Statistiquement parlant dans le Grand Monde, il y avait peu de chance qu’Emmanuel et nous (Alexandra & moi), nous nous rencontrions. Ce genre de types passaient la moitié de leurs vies dans ces établissements hautement spécialisés avec une chiée de psychiatres de renoms qui vous suivait comme une nuée de pigeon. Et du personnel hospitalier en nombre, jolis, compétents-frais-souriants, qui ne ressemblaient en rien aux tronches de matons avant-bras tatoués et yeux-méchants-fatigués auxquels j’étais habitué … Pour rencontrer Emmanuel, il fallait remercier le caractère populaire et universalistes des urgences psychiatriques où il s’était un jour pointé, en intense état de décompensation mental. C’est comme ça que nous avions croisé sa route – la société médicale ressemblait en tout point aux autres sociétés civiles, avec ses méandres tentaculaires ses routes, ses lois et ses règles, parmi lesquelles la plus importante de toute : respecter le milieu social du patient. Sauf dans ces putains d’urgences où l’on mélangeait allègrement torchons et serviettes. Tous ensemble, enfermés à tourner dans le grand tambour de la machine à laver psychiatrique française, bon sang …

– Mec, tu veux boire un truc ?

Cette manie stupide qu’il avait d’employer ce langage à base de “mec” ou “trucs”, pour faire plus populeux … Je voulus dans une répartie cinglante lui demander un spritz – c’est le cocktail à la con qu’il commandait toujours ,” come in italia “, l’avais-je entendu arguer un soir à un serveur d’un bon dieu d’endroit chic où il nous avait traîné, Alexandra & moi, à l’époque où nous nous fréquentions tous, et seigneur, il y avait tellement de morgue en ce type … Non, ce n’était pas “Spritz”. Je voulus plutôt lui dire que ses parents ne l’aimaient pas. Qu’ils payaient pour qu’il soit loin. Loin des yeux, loin du cœur, et d’ailleurs pourquoi ses parents l’auraient-ils aimé alors qu’ils bénéficiaient d’un autre fils à la biochimie parfaite – son grand frère faisait carrément l’ENA – Non, à la place je voulus lui dire à quel point il m’avait été difficile de venir chez lui – non par la faible opinion que je lui portais, mais parce que j’avais dû traverser l’enfer, rien de moins – ces personnes que vous croisiez dans le métro, on dirait des gens comme vous et moi, sauf qu’ils n’en sont pas. Pas vraiment des gens, plutôt … Des saletés d’esprits. Ils viennent… Des profondeurs souterraines, des Mondes Invisibles, et eux sont extrêmement dangereux, parce qu’ils en savent beaucoup, beaucoup sur moi … Non, à sa proposition de boisson ma première intention fut de lui commander un “spritz” pour le moquer un peu. Mais la mention “come in Italia” s’avérait au-dessus de mes forces, alors j’allais au plus simple, je lui aboyai : “SPRITZ !”
Sauf qu’un borborygme atroce sortit de ma gorge à la place …

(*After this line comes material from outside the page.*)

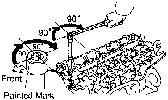 Retighten cylinder head bolts by an additional 90° shown.

– Okaaay … Je vois. Assieds-toi là, dans ce fauteuil, je reviens tout de suite.

Il me servit un verre de coca. Puis un autre. Il m’ordonna calmement “bois”, j’obéis. Dans mon état il était rassurant de recevoir des ordres, même d’un parfait connard. Il passa une main lente devant mes yeux, une main-méduse flottait dans les courants aériens …

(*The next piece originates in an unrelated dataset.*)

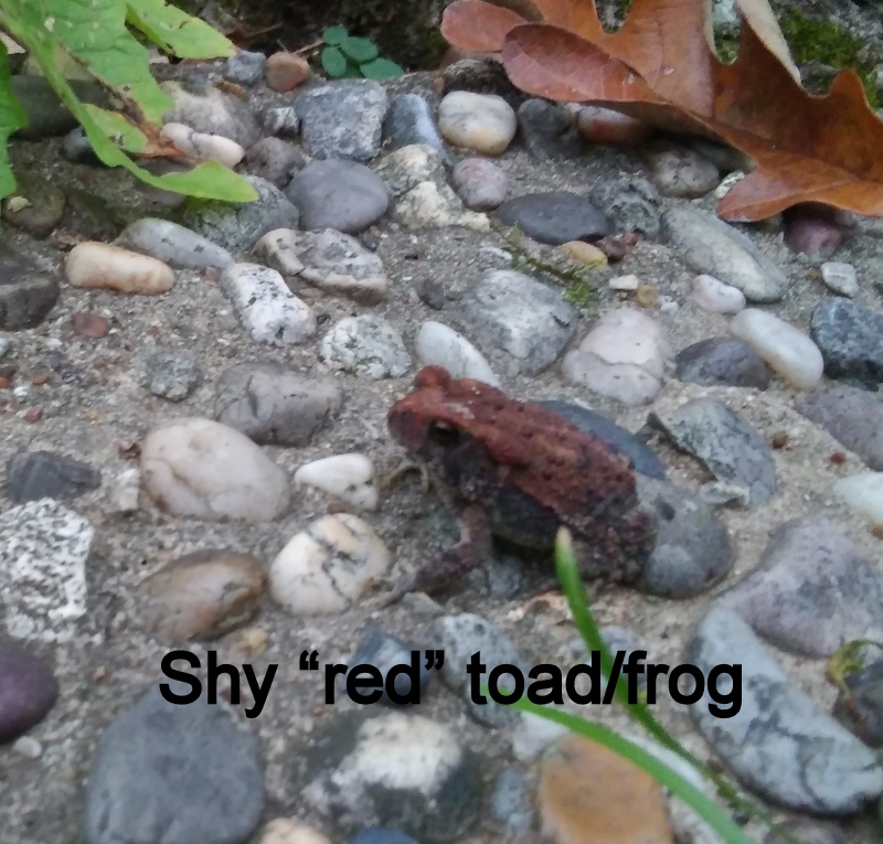 We had several nights below freezing (lowest was 19 degrees) when we unhooked the hose and used our trailer pump and tank. There was a water pipe break one evening but it didn’t affect us since we were prepared for a few days with no “real” running water. Most days were great weather for John to remove the vent covers, scrub the trailer roof, and get everything sealed up again. We were able to have a few more camp fires, coaxed a shy “red” toad/frog to some rocks for a photo, and attended a staff/family early thanksgiving chili potluck with hot cocoa, apple cider, bonfire, and hayrides. Each volunteer day of work earned us a special bonus of lunch and supper; what a great treat after hard days! We took lots of walks and bicycle rides (after fixing flat tires on both bikes), and had a Sunday lunch at “Brisket Love BBQ” with about 16 other SOWERs in this area.

– Tony ? Tu te rappelles de ce que tu m’as appris un jour à Vegas ? Tu m’avais dit : ” pour garder le contrôle, pour ne pas te noyer dans le tumulte du Monde, fixe ton regard sur un point, sur un détail … ” J’aimerais que tu fasses pareil pour moi. Tu crois que tu pourrais faire ça ?

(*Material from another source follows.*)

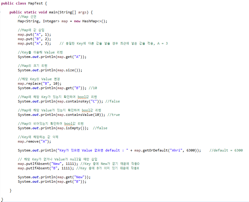 map.putIfAbsent("B", 1111); //Key 중에 B가 이미 있기 떄문에 작동X
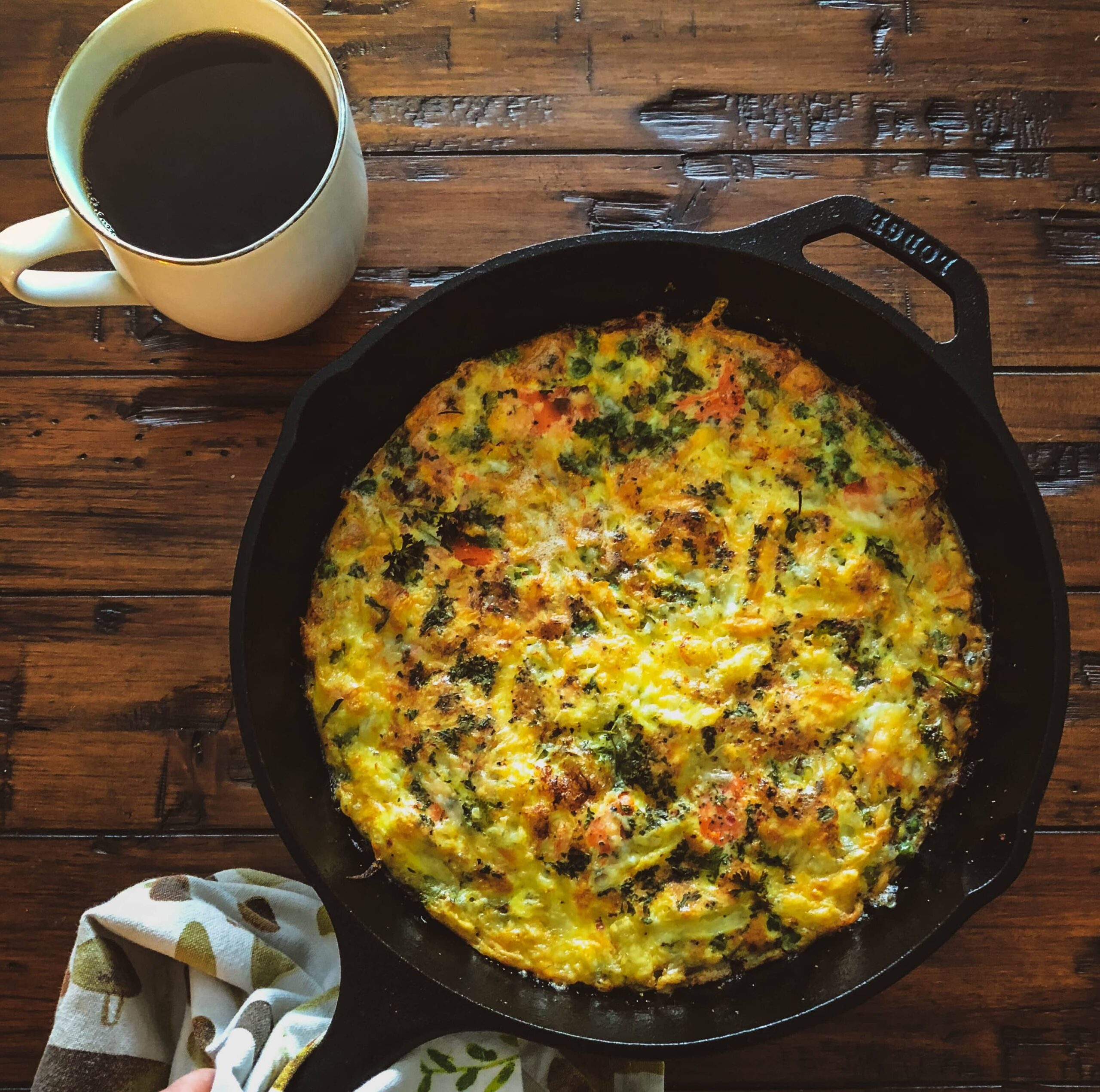 Place in oven and cook for 15-18 minutes depending on the size of the skillet. You’ll know when the frittata is done cooking when you press on the middle and it pushes back a bit.

Aussitôt, je fixais un motif du marbre sur le plateau de la cheminée du salon. Focus intense. Petit à petit, je battais moins fort des talons. Et la conscience honteuse de mon être se fit. Cela faisait trois jours que je ne m’étais pas lavé, et que je n’avais ni bu, ni manger. Trois jours s’étaient écoulés depuis que j’avais avalé la dernière gélule … Je me forçai à respirer profondément. Je devais réunifier ma psyché. Je restai ainsi quarante minutes à fixer la tablette en marbre comme s’il s’agissait du plus passionnant des spectacles… Je bus le litre et demi de soda en entier.